Das Jägerhaus im Laubacher Wald

Sie liegt schon längst auf dem Kirchhof, die alte Förstersche auf dem Ruttershäuser Jägerhaus, die kam einmal von Laubach zurück, und es war Nacht und ganz mondhell. Da stiegen aus der Hexenwiese und dem Seegrund viele Menschen herauf mit einem Sarg, ein langer, langer Zug, als galt es irgendein Begräbnis.

Die Frauen hatten allesamt faltige Mäntel über dem Kopf, die fielen ihnen bis über die Schultern herab. So zogen sie mausestill den Kirchberg hinauf, wo der Stumpf der alten Dorfkirche steht, unter welcher ehedem das in den Ritterzeiten ausgegangene Dorf Ruttershausen lag.

Gesichter konnte die Förstersche nicht sehen, auch wusste sie nicht, was sie zu solch absonderlichem Tun sagen sollte. Sie ging deshalb näher hinzu, um alles besser zu sehen. Aber siehe da, nun war die Erscheinung zu Ende und nichts mehr davon zu merken, da eilte sie in Angst, was sie konnte, dass sie heimkam.

Das Sonntagskind

Ein jedes Menschenkind, das unter Glockengeläut oder auf einen gedoppelten Sonntag jung geworden ist, sieht Geister und kann verwünschte Personen erlösen. Wird es von diesen darauf angesprochen und hilft ihnen nicht, so hat es sein Leben lang kein Glück mehr. So erging es einem Schulmeister.

Eines Sonntags stieg er hinauf ins Gebirge, früh in der Morgendämmerung. Drunten im Thal läuteten die Morgenglocken und wie er sich recht umsah, stand er vor einem Felsen am Wege und sah dabei eine Frau, die wusch ein blutiges Hemd in dem Brunnen, der darunter entsprang. Der Schulmeister dachte an gar nichts, am wenigsten an Geister, und sprach ganz arglos: »Guten Morgen, Frau, ist das auch eine Arbeit am lieben Sonntag?«

Da schaute ihn die Frau an, sprach aber kein Wort und wusch emsig weiter. Das ärgerte ihn denn gewaltig, er tupfte ihr mit der Hand auf die Schulter und redete nochmals eben dieselben Worte.

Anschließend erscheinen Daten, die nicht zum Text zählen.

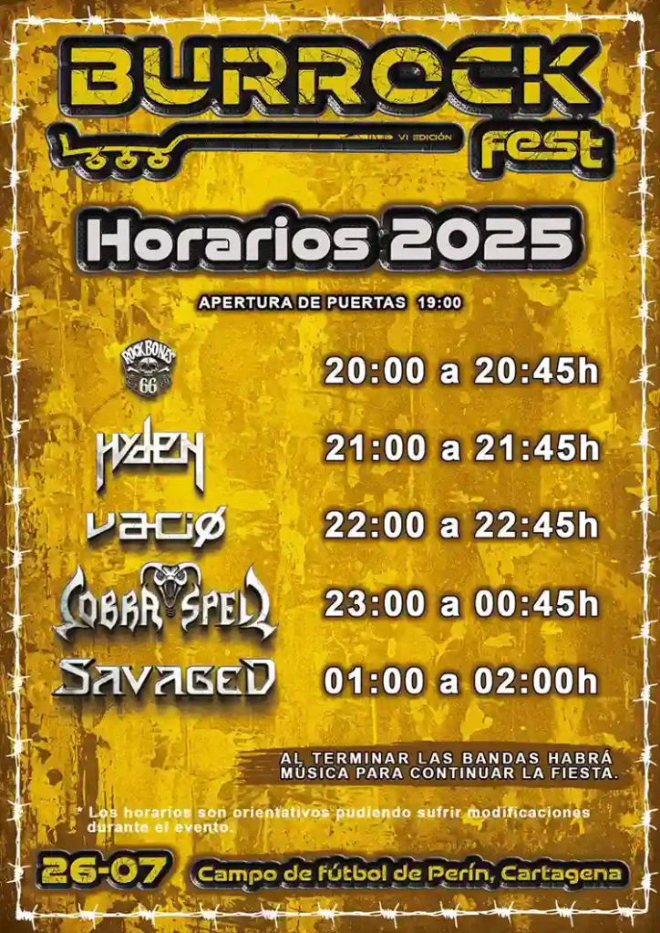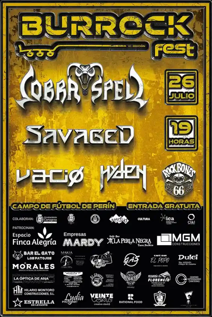 Cobra Spell, Savaged, Vacío, Hyden y Rock Bones 66 son las formaciones que participarán este sábado en la edición de este año del Burrock Fest, que se llevará a cabo en el Campo de futbol de Perín (Catagena), con entrada libre.

»O, du Unglücksmann«, begann nun mit schmerzlichem Seufzen die Frau, »was bietest du mir guten Morgen? Hättest du gesagt: Gott schenke dir die ewige Ruhe, so wäre ich erlöst von dem Fluch und du hättest das gute Werk getan, wozu du als Sonntagskind bestimmt bist. Jetzt muss ich wieder lange hundert Jahre umgehen, bis einer kommt, der wie du unter Glockengeläut geboren ist. Aber geh nur hin, dein Gutes hast du gehabt im Leben!«

Der bestürzte Schulmeister wollte antworten, aber die Erscheinung war weg. Er hörte und sah nichts mehr davon. Tiefbetrübt ging er nach Hause und machte sich allerlei Betrachtungen über die Begebenheit. Doch das, was die Frau ihm vorausgesagt hatte, traf ein von Wort zu Wort. Sein Glück war verschüttet. Es ging ihm alles hinderlich im Amt und verdrießlich im Leben, zuletzt wurde er vom Dienst gesetzt und starb als elender Bettelmann auf der Landstraße.